The evolutionary relationships of maker genes, including methane oxidation (PmoA), hydrogen oxidation (NiFe), CO oxidation (CoxL), ammonia oxidation (AmoA), nitrite oxidation (NxrA) and carbon fixation (RbcL) were visualised by constructing phylogenetic trees of protein sequences. Briefly, protein sequences retrieved from the MAGs and metagenomic assembled reads by homology-based searches against a subset of reference sequences from a custom database100, and were aligned using MAFFT87 with default parameters, and subsequently trimmed using Trimal v1.2rev59 (“-gappyout”)88. The trimmed multiple sequence alignments were used to infer phylogenetic trees with the maximum likelihood method incorporating substitution model selection and 1000 bootstrap iterations implement in IQ-TREE2 v1.6.12 (“-alrt 1000 -B 1000 -m TEST”)89. Tree rendering was performed using the Python package ETE3101 combined with visualisation in iTOL91.
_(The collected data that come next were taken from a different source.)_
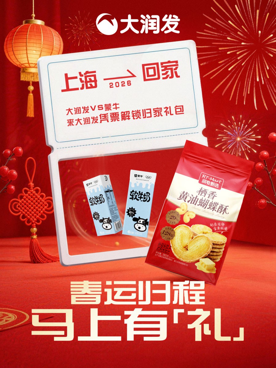 春運將至,為溫暖返鄉(xiāng)人的旅途,零售品牌大潤發(fā)與乳業(yè)品牌蒙牛聯(lián)合發(fā)起“春運歸程馬上有‘禮’”特別行動。自2026年2月1日起,消費者憑當月從上海出發(fā)的返鄉(xiāng)交通票證,即可于上海大潤發(fā)閘北店和張江店免費兌換一份獨家“歸家禮包”,內(nèi)含蒙牛牛奶與大潤發(fā)甄選蝴蝶酥,用一份甜暖的實物關(guān)懷,陪伴消費者踏上歸途。 此次活動精準捕捉了春運期間離滬人群的情感需求,將商業(yè)關(guān)懷嵌入“出發(fā)前”這一具體場景。大潤發(fā)門店成為游子離滬前的“最后一站溫暖補給站”,這份基于車票憑證的禮贈,超越了簡單的促銷,體現(xiàn)了品牌對消費者歸家旅程的深度理解和溫情陪伴。 與此同時,大潤發(fā)已全面開啟年貨季。門店內(nèi)不僅年味裝飾紛呈,更推出了多款定制年貨禮盒,以及涵蓋糕點、堅果零食、牛肉水產(chǎn)、酒水飲料等在內(nèi)的豐富新年商品,充分滿足消費者一站式購置年禮、裝點團圓飯桌的需求,是消費者新春采購的理想選擇。 此次與蒙牛的跨界合作,也是大潤發(fā)品牌年輕化戰(zhàn)略的一次生動實踐。通過綁定“車票”這一情感載體,設(shè)計“解鎖”禮包的互動玩法,大潤發(fā)正以更創(chuàng)新、更貼近當下消費者情感的方式刷新品牌形象,從傳統(tǒng)零售賣場向能夠創(chuàng)造驚喜、參與重要時刻的現(xiàn)代生活空間轉(zhuǎn)型。 未來,大潤發(fā)將持續(xù)深化其作為社區(qū)生活暖心樞紐的角色,不僅提供優(yōu)質(zhì)商品,更致力于成為消費者生活中值得信賴的陪伴者。這份“歸家禮包”,既是一份新年禮物,也是大潤發(fā)與消費者溫暖同行的誠摯承諾。 |
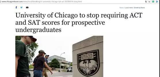 芝加哥大学是USNEWS综合大学排名前20大学中第一所宣布不要求申请者提交SAT或者ACT成绩的大学。该政策使得申请者,尤其是特别擅长考试的中国学生有点不知所措。
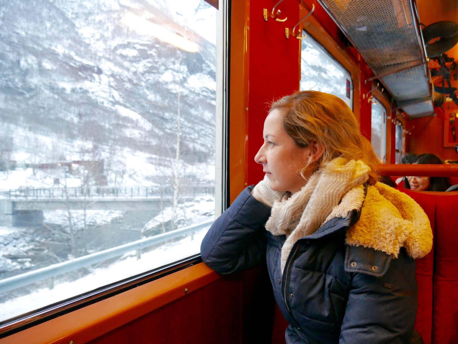 Die Bahn sieht auch innen sehr schön aus. Die Fahrt ist kurzweilig und dauert ungefähr 40 Minuten. Nach ungefähr 2/3 der Strecke gibt es linkerhand den Kjosfossen Wasserfall zu bestaunen. Die Flambahn hält hier für 5 Minuten. Jeder kann kurz aussteigen und Fotos machen. Im Winter ist dieser Wasserfall natürlich nicht ganz so gewaltig wie im Sommer.
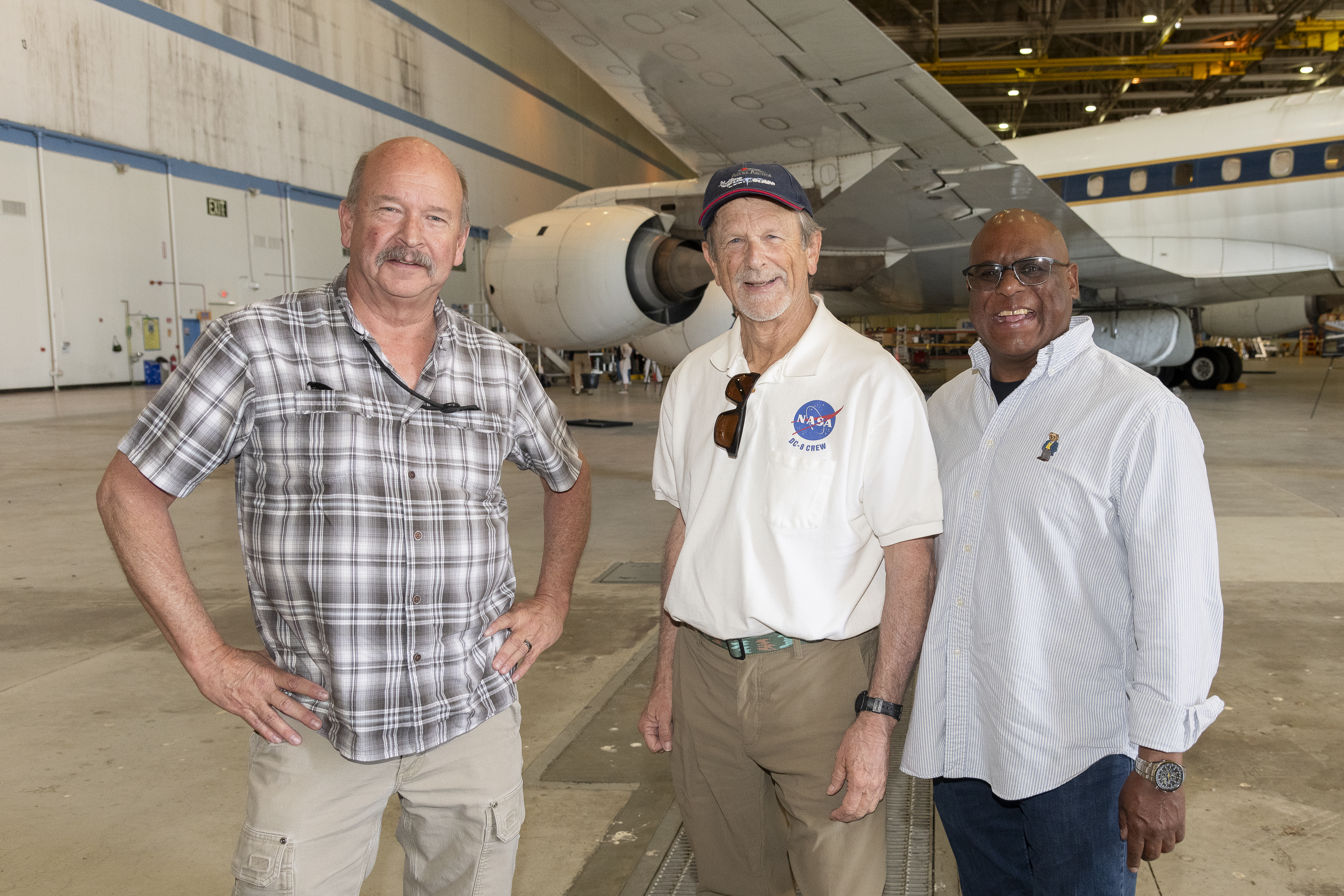 Rocky Radcliff, Kevin Hall, and Herman “Chico” Rijfkogel stand in front of NASA’s DC-8 aircraft at the agency’s Armstrong Flight Research Center Building 703 in Palmdale, California. On May 2, 2024, NASA personnel, friends, and family celebrated the DC-8 staff, aircraft, and science campaigns.
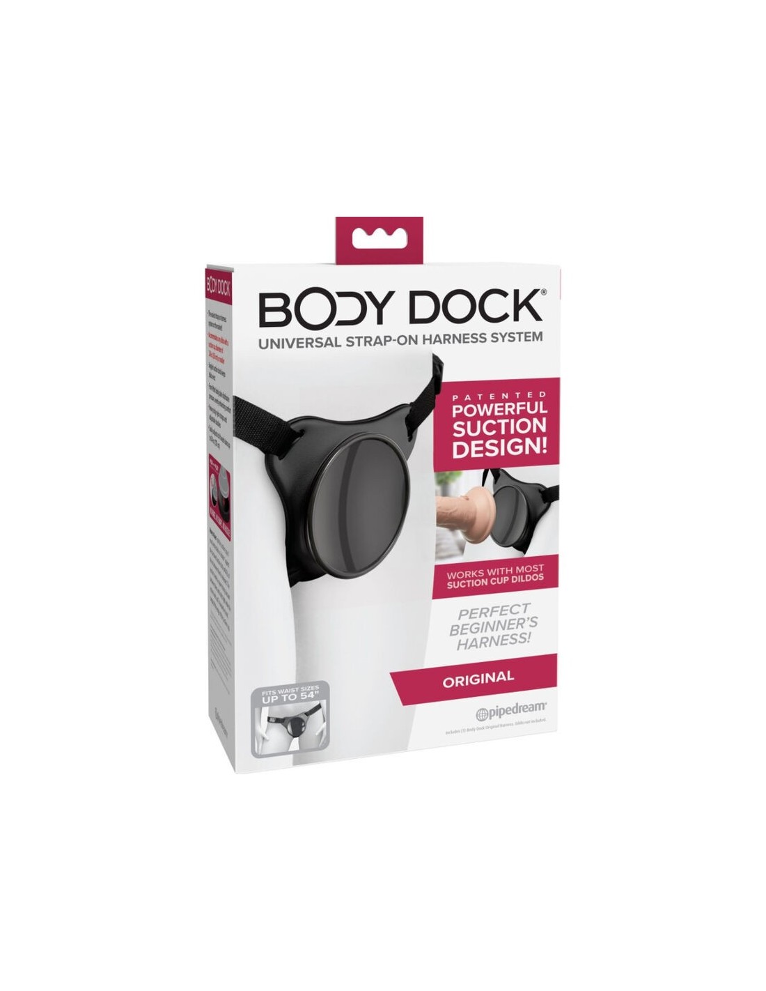 Il sistema brevettato Body Dock Universal Strap-On Harness porta il gioco strap-on a un livello completamente nuovo! Basta fissare la ventosa del tuo dildo o vibratore preferito alla piastra di aggancio e regolare facilmente le cinghie in nylon, adatte alla maggior parte delle taglie e corporature. Niente anelli, niente scatti, nessun problema! Inoltre, funziona con la maggior parte dei dildo presenti sul mercato, inclusi molti che potresti già avere. Cambiare il tuo accessorio strap-on preferito non è mai stato così semplice e veloce!
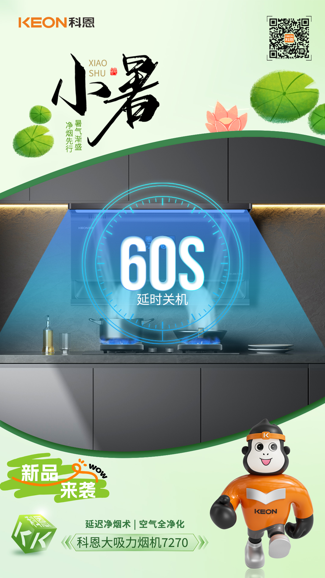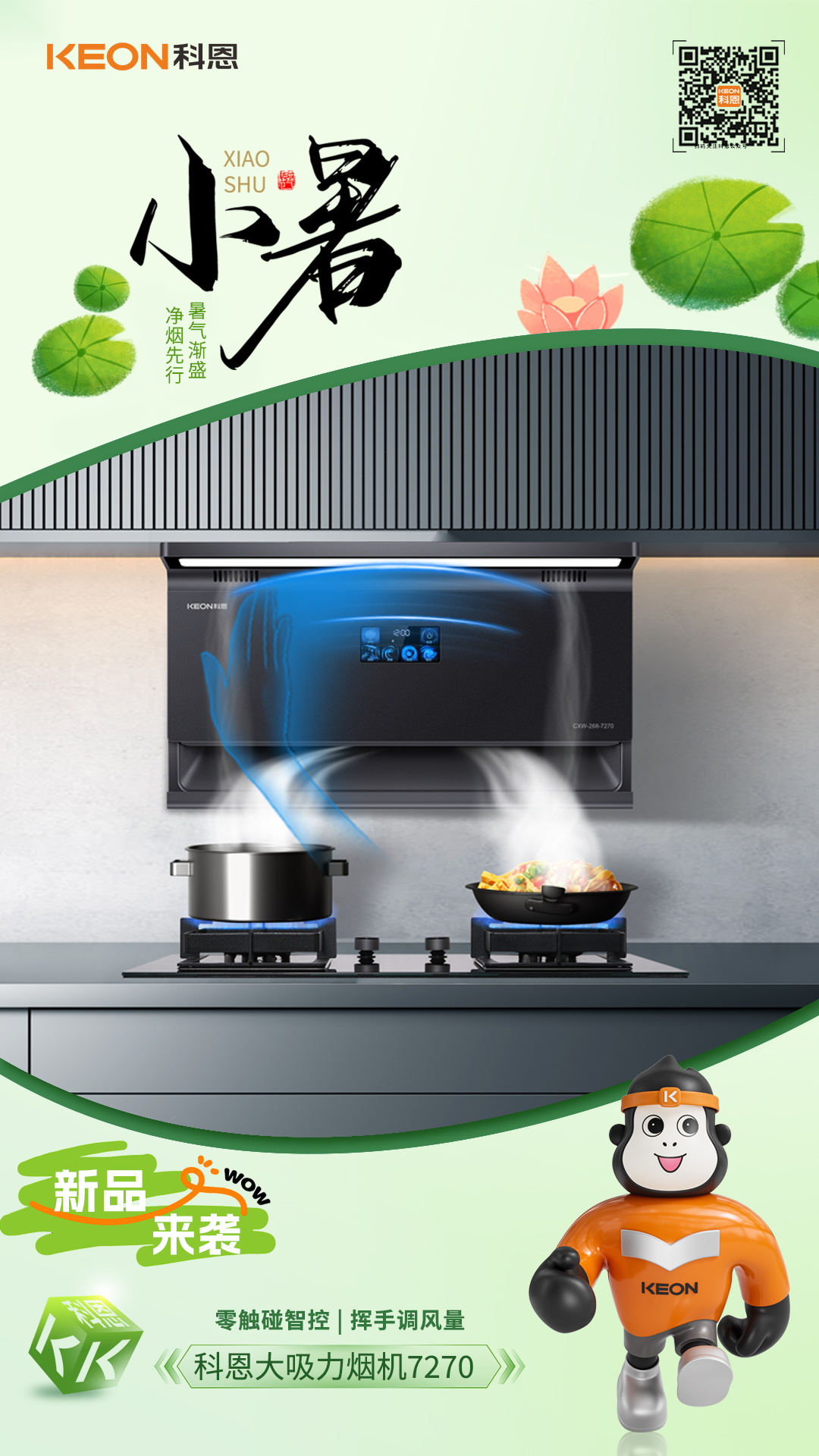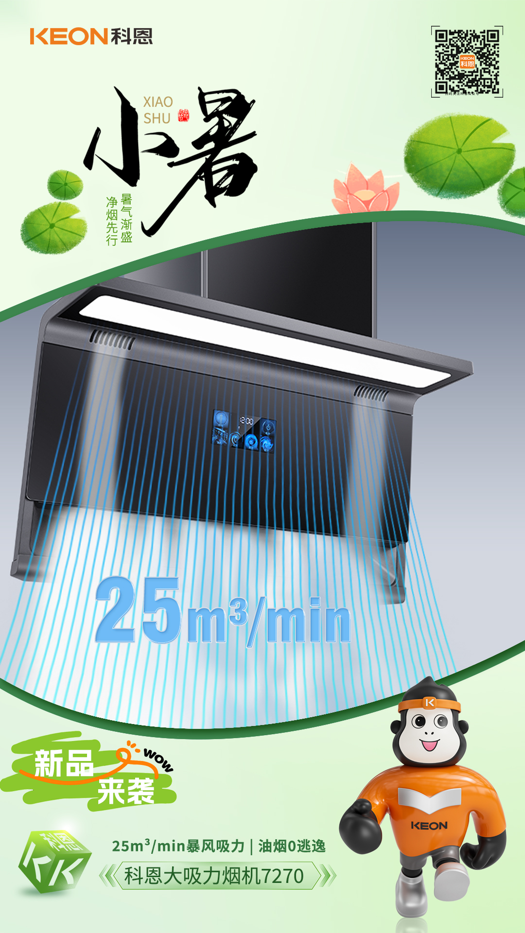 蟬鳴初起,熱浪翻涌。小暑時(shí)節(jié)廚房成高溫重災(zāi)區(qū),油煙升騰中包裹著暑氣更顯煩躁,科恩7270煙機(jī)攜25m³/min暴風(fēng)吸力來(lái)襲,為廚房筑起清涼防線,讓凈煙快一步,生活慢享受。

Methane carbon conversion efficiency

Theoretical estimation of carbon assimilation into microbial biomass was based on measured methane oxidation rates. Three seminal papers on methane carbon assimilation were used to calculate a constant conversion factor54,55,102. The percentage of methane carbon assimilation varied between 20 and 62%. By utilising the median for each range and computing the mean (40%), we determined the amount of methane carbon assimilated in units of nmol C cell−1 min−1 by multiplying the cell-specific methane oxidation rate by a constant fraction of 0.4. This measurement provides a quantifiable indicator of the role of aerobic methanotrophs in the carbon cycle. One drawback of this approach is that it does not consider variations in assimilation across different cells and variations in assimilation across different physicochemical conditions.